The ideal option might be to implement another data structure that has a much more favorable remove time. Something along the lines of a modified unrolled linked list with indices could work, but it would certainly increase the implementation complexity of this approach.
I've actually implemented this. I used the first two optimizations above (storing key-value pairs for compression, and pruning when 1/2 of them are 0s). Here's some benchmarks to compare using an insertion sort derivative to this one:
a.length This method Insert sort Method
100 0.0262ms 0.0204ms
1000 0.2300ms 0.8793ms
10000 2.7303ms 75.7155ms
100000 32.6601ms 7740.36 ms
300000 98.9956ms 69523.6 ms
1000000 333.501 ms ????? Not patient enough
So, as you can see, this algorithm grows much, much slower than the insertion sort method I posted before. However, it took 73 lines of code vs 26 lines of code for the insertion sort method. So in terms of simplicity, the insertion sort method might still be the way to go if you don't have time requirements/the input is small.

You could treat it like an insertion sort.
Pseudocode:
let arr be one array with enough space for every item in a
let b be another array with, again, enough space for all elements in a
For each item in a:
perform insertion sort on item into arr
After performing the insertion, if there exists a number to the left, append that to b.
Otherwise, append -1 to b
return b
The main thing you have to worry about is making sure that you don't make the mistake of reallocating arrays (because it would reallocate n times, which would be extremely costly). This will be an implementation detail of whatever language you use (std::vector's reserve for C++ ... arr.reserve(n) for D ... ArrayList's ensureCapacity in Java...)
A potential downfall with this approach compared to using a binary tree is that it's O(n^2) time. However, the constant factors using this method vs binary tree would make this faster for smaller sizes. If your n is smaller than 1000, this would be an appropriate solution.
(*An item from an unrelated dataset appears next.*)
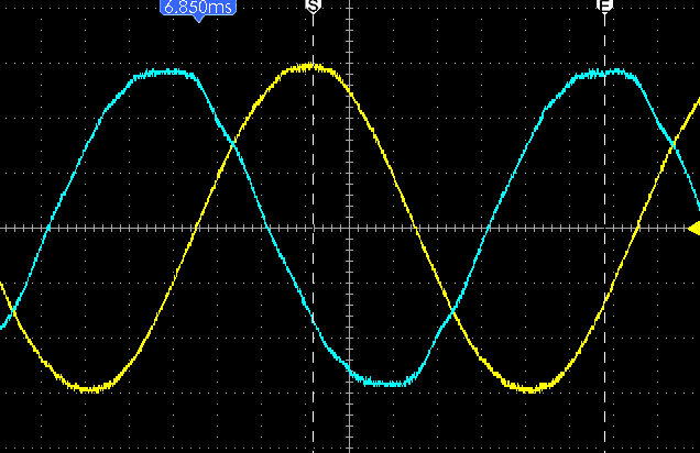 Осциллограммы электрических сигналов на входе и выходе ИБП (желтый - на входе в ИБП, синий на выходе ИБП)

However, O(n log n) grows much slower than O(n^2), so if you expect a's size to be significantly higher and if there's a time limit that you are likely to breach, you might consider a more complicated O(n log n) algorithm.
There are ways to slightly improve the performance (such as using a binary insertion sort: using binary search to find the position to insert into), but generally they won't improve performance enough to matter in most cases since it's still O(n^2) time to shift elements to fit.

Consider this:
a = 2 1 7 5 7 9
b = -1 -1 2 2 5 7
c 0 1 2 3 4 5 6 7 8 9
0 - - - - - - - - - -
Where the index of C is value of a[i] such that 0,3,4,6,8 would have null values.
and the 1st dimension of C contains the highest to date closest value to a[i]
So in step by a[3] we have the following
c 0 1 2 3 4 5 6 7 8 9
0 - -1 -1 - - 2 - 2 - -
and by step a[5] we have the following
c 0 1 2 3 4 5 6 7 8 9
0 - -1 -1 - - 2 - 5 - 7
This way when we get to the 2nd 7 at a[4] we know that 2 is the largest value to date and all we need to do is loop back through a[i-1] until we encounter a 7 again comparing the a[i] value to that in c[7] if bigger, replace c[7]. Once a[i-1] = the 7 we put c[7] into b[i] and move on to next a[i].
The main downfalls to this approach that I can see are:
footprint size depending on how big the c[] needs to be dimensioned..
the fact that you have to revisit elements of a[] that you've already touched. If the distribution of data is such that there are significant spaces between the two 7's then keeping track of the highest value as you go would presumably be faster. Alternatively it might be better to gather statistics on the a[i] up front to know what distributions exist and then use a hybrid method maintaining the max until such time that no more instances of that number are in the statistics.